In relation to adults who may choose to sign waivers, injured persons are presumed to be aware of obvious risks unless they can prove that they were actually not aware of them, which I understand to be the principle of that individual taking responsibility for the risk that they have entered into.

Some legal advice has been provided via Sarita Stratton from a lawyer by the name of John Daenke, who has quite an impressive CV. He has provided advice to Sport SA in relation to the current act that we operate under and the proposed sports codes. He is a consultant for Lynch Meyer and has worked in the area of sports law and insurance law. I am very grateful for being provided with this particular brief which I think covers a number of these issues quite well for the lay person.

He states that in providing this advice he is not sure what the insurance industry's opinion is on how this particular bill will assist recreational services providers to obtain insurance. He pretty much states that waivers are not worth the paper they are written on, but sometimes insurers require them anyway for their own risk management purposes, which I think is an important point. He has concerns that not all not-for-profits are covered, which is a matter that relates to the matters that I was talking about in relation to one-off events, in that one of the aspects that the government spoke about in the briefing was that it would apply to not-for-profits and whether they are covered. So, I would appreciate some advice on that from the government.
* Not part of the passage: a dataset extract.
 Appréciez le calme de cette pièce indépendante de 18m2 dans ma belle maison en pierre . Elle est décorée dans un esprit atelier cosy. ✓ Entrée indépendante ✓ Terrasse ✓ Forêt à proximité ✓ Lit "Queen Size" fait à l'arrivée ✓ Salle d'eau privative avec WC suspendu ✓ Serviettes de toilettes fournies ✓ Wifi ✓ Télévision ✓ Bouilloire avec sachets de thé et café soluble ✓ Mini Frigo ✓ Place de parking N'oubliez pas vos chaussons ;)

He states that the matter of waivers is only relevant to what the insurer wants, and even then the recreational services providers should check with their insurer in advance. He refers to the 'significant injury' definition and 'reckless conduct' definition and states that risk management, as a matter, should be looked at.
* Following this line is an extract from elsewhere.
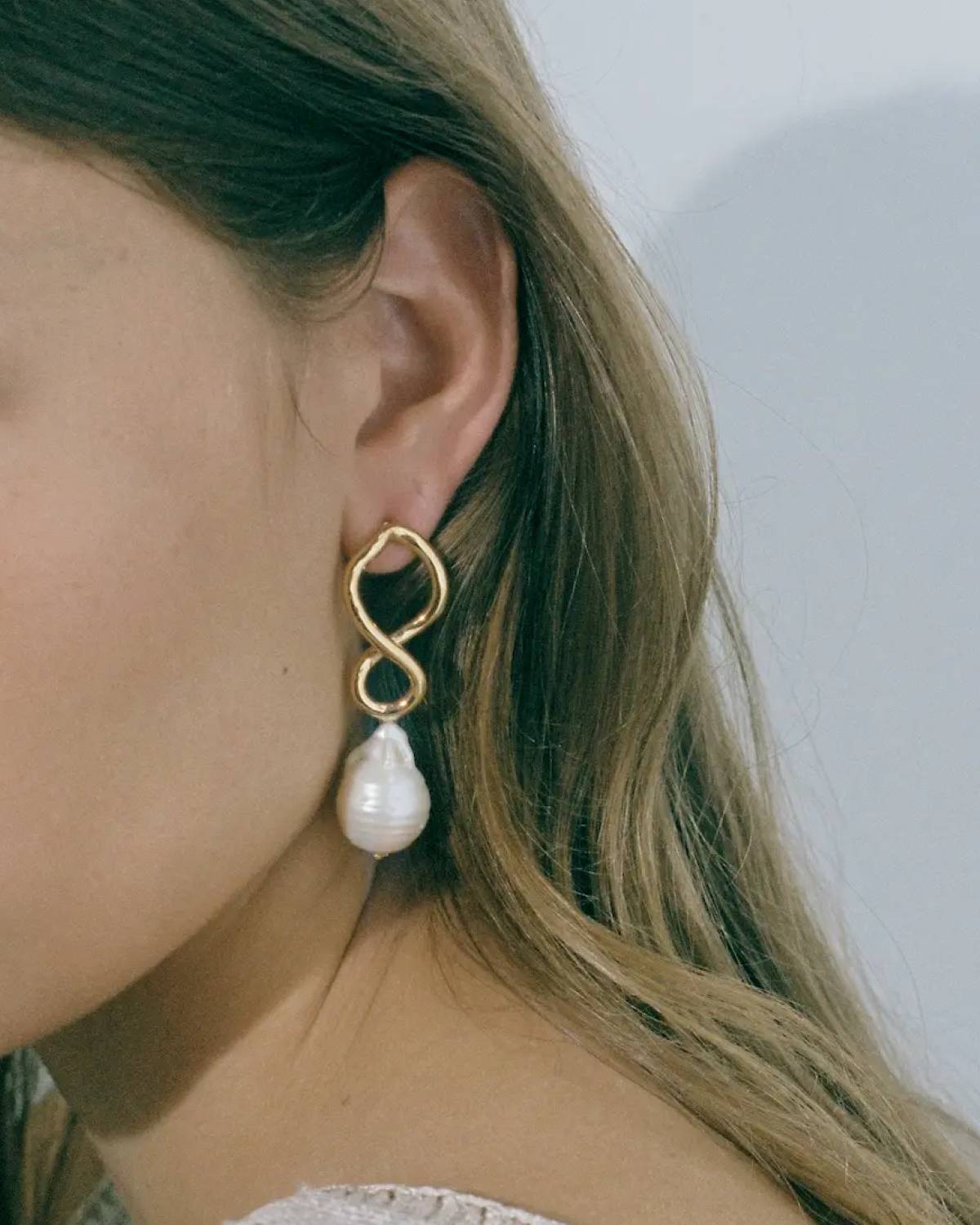 Ein Ohrschmuck, der Geschichten erzählt: Die Corsica Earrings kombinieren fließende Goldschleifen mit funkelnden Tropfen in zartem Champagner. Dank 22kt Vergoldung strahlen sie luxuriös, aber nie überladen. Perfekt für alle, die verspielte Eleganz lieben.

There has also been some opinion circulated from the Australian Lawyers Alliance which thinks that the statute should be repealed entirely, and that we should just go back to the common law system. That is something that I do not think the parliament would be inclined to do, and it would probably make us unique amongst all the states and territories.

I did state that we received advice from the Insurance Council of Australia for which I am very grateful. It stated that the South Australian model is similar to section 32N of the Fair Trading Act and noted that, while the New South Wales and Victorian provisions are quite different, they have similar effect. The council believes that all the states should be harmonised and, therefore, supports most aspects of this bill because it will repeal the Recreational Services Act and bring South Australia pretty much into line with other states with the exception of section 74I(2)(b).

I do not think that there is a lot more to add, except that we will examine any amendments that have been tabled, but I think that, in principle, we will not support any amendments that either add additional red tape or unnecessary provisions to the act or that change the nature of this piece of legislation. With those comments, I indicate that we will be supporting the second reading of this bill, and I look forward to the committee stage.

Debate adjourned on motion of Hon. R.D. Lawson.